Ainsi, le travail apporte un salaire indispensable à l'homme (L.9) qui ne supplée guère à l’absence
de culture de l’intelligence et d’affirmation de la volonté individuelle. Pour Nietzsche, l'homme
travail dur, sa pensée est inexistante pendant ses heures de travail, donc toute réflexion à propos de
la misère du monde, de l'envie de rébellion, de l'exploitation de l'homme, etc., par exemple, est
impossible. La société dans laquelle vit cet homme sera donc protégée de pensées individuelles qui
pourraient bouleverser ses projets de maîtrise de la masse. Comment comprendre autrement
Nietzsche lorsqu’il affirme non sans ironie qu’« une société où l'on travaille dur en permanence
aura davantage de sécurité » ? (L9-10). La société est rassurée par cette sécurité, les risques sont
supprimés. C’est donc aussi pour cette raison que la société fait travailler l'homme.
Enfin, dans une troisième partie, l'auteur révèle que l'homme est victime de son travail. Nietzsche se
révolte et crie au scandale. Il comprend qu'en réalité le travailleur est dangereux. C'est pour cela
qu'on le fait travailler, pour l'occuper et le rendre plus docile (L.11) « Le « travailleur », justement,
est devenu dangereux! ». Il révèle ensuite que plus que le travailleur, c'est l'individu qui est derrière
qui est dangereux. Le travailleur n'est que l'habit ou la face visible de l'individu. Et cet individu est
un être pensant, néfaste par sa capacité à penser (« le danger des dangers, - l'individuum! » L.12).

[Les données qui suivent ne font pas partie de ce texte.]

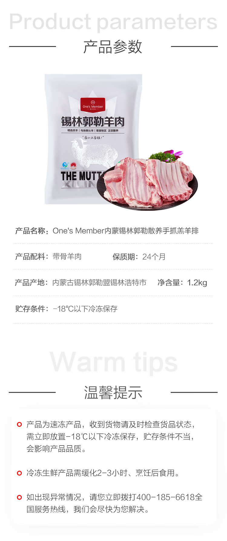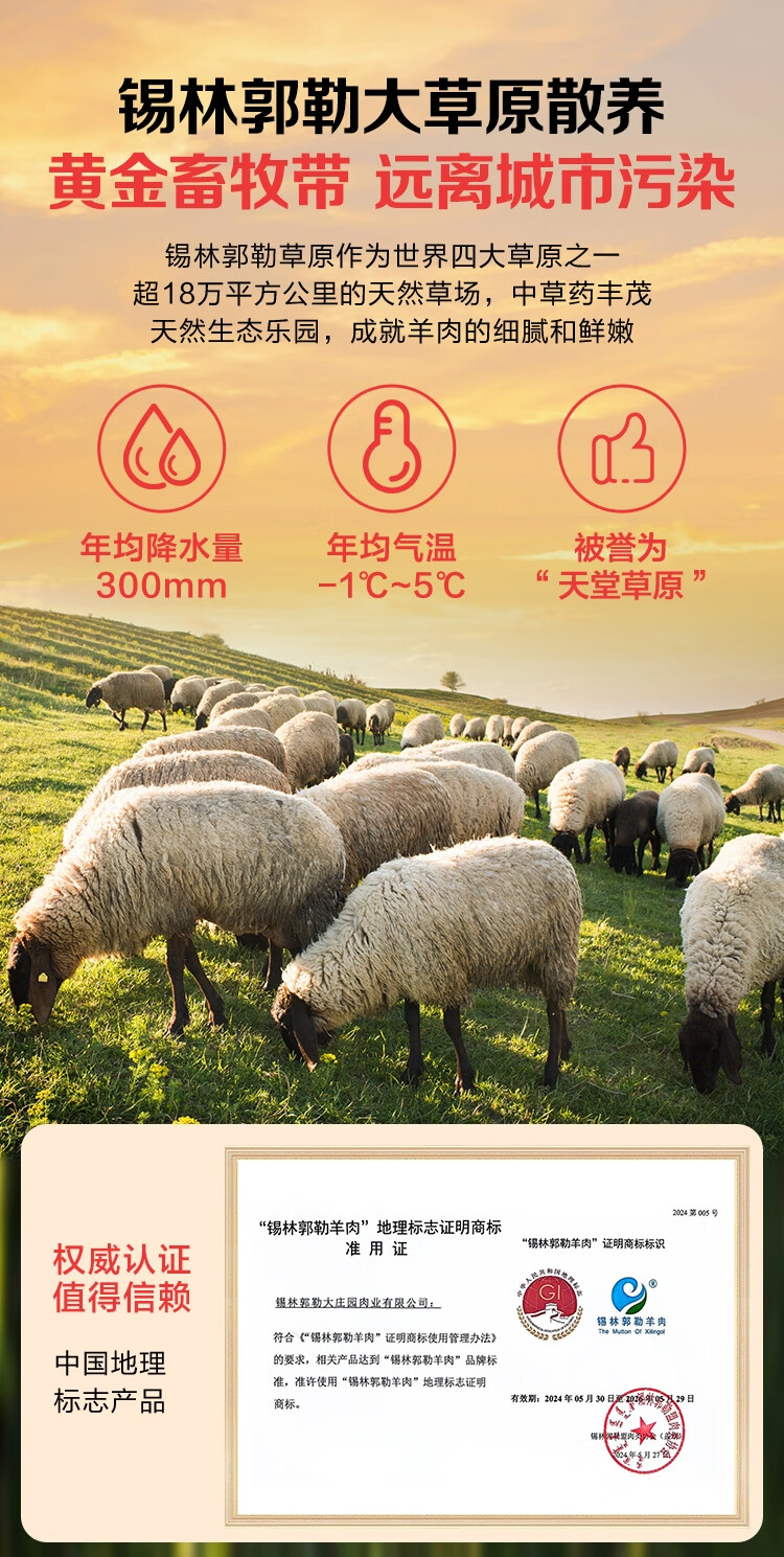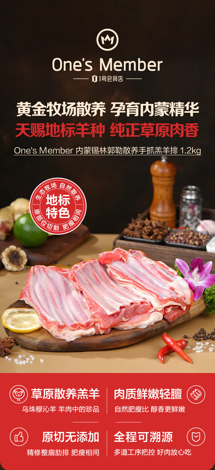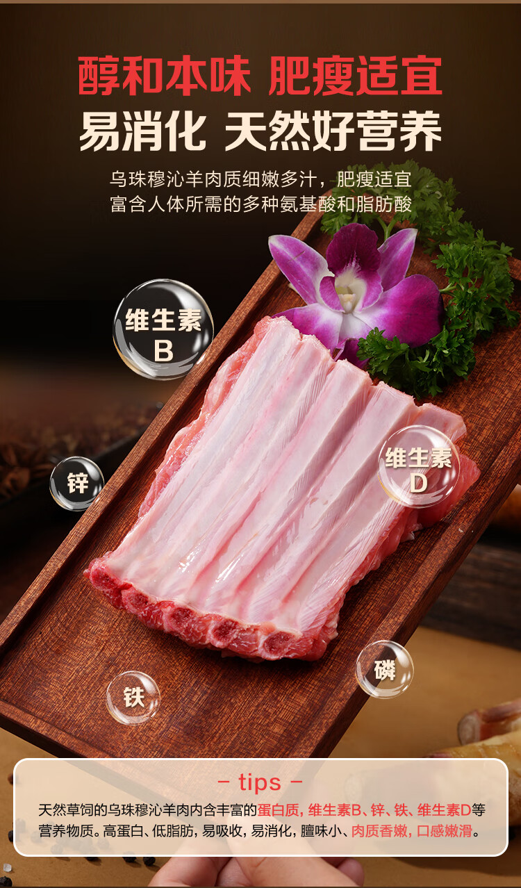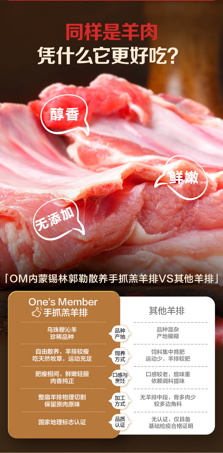 1号会员店内蒙锡林郭勒散养手抓羔羊排2.4斤 正宗乌珠穆沁羊草地散养羊肉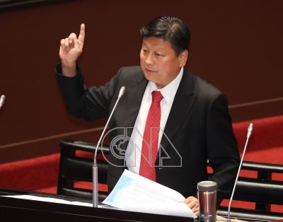 立法院會31日邀請行政院長卓榮泰率各部會首長列席進行施政方針報告並備詢,圖為國民黨立法院黨團總召傅崐萁上台質詢。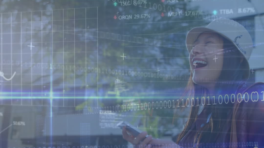 Depicts a woman interacting happily with her smartphone while digital financial data and codes illuminate the scene. Ideal for illustrating concepts of technology-driven connectivity, financial data analysis, digital lifestyle, and personal interaction with global data networks.

L'auteur alors de s'adresser directement au commun des mortels, c’est-à-dire à tout homme doué du
bon sens. Il interpelle les bénéficiaires du produit du travail tout autant que travailleurs qui sont
victimes de l’organisation social du travail. Son but est de sensibilise, en poussant l'individu à la
réflexion. Pour Nietzsche, il ne faut pas suivre la société qui ne cherche qu'à s'enrichir (L.12-14).

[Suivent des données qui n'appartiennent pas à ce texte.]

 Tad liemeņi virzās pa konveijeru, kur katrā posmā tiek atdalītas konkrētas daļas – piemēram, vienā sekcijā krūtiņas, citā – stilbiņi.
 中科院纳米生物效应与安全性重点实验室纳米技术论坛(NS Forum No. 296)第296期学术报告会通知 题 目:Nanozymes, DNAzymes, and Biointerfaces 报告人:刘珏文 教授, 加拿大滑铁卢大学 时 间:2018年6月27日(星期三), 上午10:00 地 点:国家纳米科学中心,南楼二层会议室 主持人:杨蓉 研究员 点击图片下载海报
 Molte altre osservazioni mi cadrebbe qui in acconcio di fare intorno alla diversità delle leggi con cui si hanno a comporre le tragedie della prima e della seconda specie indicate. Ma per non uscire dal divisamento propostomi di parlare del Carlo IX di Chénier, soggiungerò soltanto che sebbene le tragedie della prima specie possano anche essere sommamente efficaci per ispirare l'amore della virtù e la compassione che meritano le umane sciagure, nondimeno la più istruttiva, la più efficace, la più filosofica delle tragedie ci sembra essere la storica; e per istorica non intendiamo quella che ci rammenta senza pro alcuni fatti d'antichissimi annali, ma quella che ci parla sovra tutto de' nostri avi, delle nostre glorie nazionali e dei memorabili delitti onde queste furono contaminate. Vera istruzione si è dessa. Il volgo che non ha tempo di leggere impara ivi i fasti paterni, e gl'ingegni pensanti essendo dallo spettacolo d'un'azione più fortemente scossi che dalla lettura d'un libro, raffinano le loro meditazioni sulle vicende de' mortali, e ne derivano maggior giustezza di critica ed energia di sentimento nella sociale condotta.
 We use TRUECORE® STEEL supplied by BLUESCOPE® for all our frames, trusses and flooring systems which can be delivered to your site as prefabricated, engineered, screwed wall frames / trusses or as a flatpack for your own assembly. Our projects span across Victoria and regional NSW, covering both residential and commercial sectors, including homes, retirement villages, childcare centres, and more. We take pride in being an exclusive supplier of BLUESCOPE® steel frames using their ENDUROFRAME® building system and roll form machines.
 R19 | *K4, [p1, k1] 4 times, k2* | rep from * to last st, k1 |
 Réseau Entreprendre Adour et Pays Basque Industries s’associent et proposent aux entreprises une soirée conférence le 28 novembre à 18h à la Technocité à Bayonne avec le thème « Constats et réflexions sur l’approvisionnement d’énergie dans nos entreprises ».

Au contraire, il faudrait se rebeller pour faire comprendre aux patrons que le travail détruit
l'homme, que l’organisation sociale du travail est néfaste. Ce labeur empêche la réflexion ; or la
réflexion est la nature de l'homme, l'homme doit réfléchir et sa réflexion est gâchée par ce travail
(L.14-15). Autrement dit, le travail déshumanise l'homme, il le rend esclave. L’homme est enchaîné
au travail, il ne peut plus réfléchir, ni penser. Pour Nietzsche, l'homme n'a plus de valeur, il n'est
plus homme s'il ne peut pas faire ce à quoi il est destiné : penser (« qu'est devenue votre valeur
intérieure », L.16). L'individu, en travaillant, ne réfléchit plus, n'a plus la conscience de lui même, il
est comme un objet, il est déshumanisé (L.16-17) « si vous n'avez même pas un minimum de
maitrise de vous-même? ».
Pour Nietzsche, le travail est donc source de déshumanisation de l'homme puisque l'homme ne
réfléchit plus, ne pense plus lorsqu'il travaille; il n'est donc plus homme. Au début de l'explication,
nous nous demandions en quoi l'individu était-il un danger et comment le fait de travailler le rendait
plus docile. A présent, on peut dire que l'homme représente un danger par le simple fait d'être un
être pensant; le travail le rend plus docile et moins dangereux car il mobilise déjà toute son énergie.